Человек в шлеме вынырнул из тьмы и, покосившись на Сократа, пристыл к уху Крития. Шептал шумно, едва сдерживая дыхание. Глава Тридцати покачивал ногой: так, так… До Сократа долетело слово «Саламин».
– Хорошо. Снаряжайте триеру! – сказал Критий, значительно поглядывая на Сократа.
Вестник кивнул головой, и гиацинтовый султан на его шлеме затрепетал, словно хвост бойцовского петуха. Человек канул во тьму, и Критий театральным жестом приложил пальцы к глазам, утомленно затих. Он словно дожидался, что наконец-то старик не выдержит и спросит, зачем же его привезли в Толос, но философ молчал, не выказывая ни любопытства, ни беспокойства, и Критий, легко отдернув руку, заговорил первый:
– Ты думаешь, демос не может осудить несправедливо? – Уголки губ Крития недовольно поползли книзу. – Бойся черни, Сократ!
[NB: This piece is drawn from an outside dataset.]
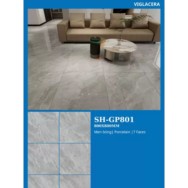 Gạch Viglacera 80x80 GP801 là dòng gạch lát nền cao cấp thuộc phân khúc Porcelain (sứ) đồng chất, được sản xuất trên dây chuyền công nghệ tiên tiến của Italia, nổi bật với khả năng chịu lực vượt trội. Sản phẩm sở hữu kích thước lớn 80x80cm, men bóng sang trọng cùng họa tiết vân đá tinh tế, mang lại vẻ đẹp đẳng cấp và độ bền vượt trội cho mọi công trình, là lựa chọn lý tưởng cho các không gian rộng.

Пусть ты ходишь босым и в дырявом плаще – чернь презирает тебя. Она ждет часа, чтобы поиздеваться над тобой. Ты ей ненавистен. Ты – аристократ. Аристократ духа, вдвойне ненавистный потому, что не носишь, как все прочие аристократы, щегольский гиматий, а рядишься в рубище.
Мудрец задумчиво водил палкой по каменной плите.
– Поверь, Учитель, демос еще осудит тебя. Те, у кого сердце грязно и космато, не пощадят человека, воспарившего слишком высоко.
– Зло не остается безнаказанным. Лучше на себе испытать несправедливость, чем поступить дурно самому.
– Ты по-прежнему веришь в могущество слов, Учитель! Напрасно. Мудрость без Власти рождает тоску и мечтанья. Пора браться за практические дела, Сократ, менять философский посох на боевое копье. Ты держишься, словно одинокий ворон в стае серых галок. Но можно ли в одиночку защитить себя? Каждый, имеющий Власть и Силу, может унизить тебя и предать суду, а ты, по своему благородству, не сможешь защититься даже от нелепых притязаний. Я говорю о притязаниях черни, Сократ, этого гнусного большинства, которое верит во всяких химер, ворожит в полнолунье на вороньем глазе и больше всего на свете обожает деньги, лесть и красивых гетер. Что им возвышенные слова о правде, чести, добродетели! Демосу нужны шуты, а не люди, открывающие глаза. Ты бросаешь зерна в песок, Учитель!
– Сея добро, не следует ждать скорой жатвы… – промолвил мудрец и оперся на палку, словно крестьянин на мотыгу после тяжких трудов в честь хлебородной Деметры.
Глава Тридцати опять прикрыл глаза рукой. Грудь Крития высоко вздымалась – казалось, он только что вышел из палестры, утомленный долгой борьбой. Философ смотрел на зыбкое, осунувшееся лицо и почему-то не мог избавиться от странного чувства, что Критий разглядывает его сквозь пальцы с детским, застенчивым любопытством.
– Поверь, Учитель, я желаю тебе добра… – томно выдавил Критий.
По залу блуждали красные факелы, слышался отдаленный топот – взрослые люди с безумной сосредоточенностью продолжали свои догонялки, и страшно было представить, что произойдет, когда один разгоряченный человек наконец-то достигнет другого. С улицы прилетели белые бабочки; они бестолково кружились возле пылающих головешек, исчезали во тьме и опять появлялись, трепеща кисейными крылышками.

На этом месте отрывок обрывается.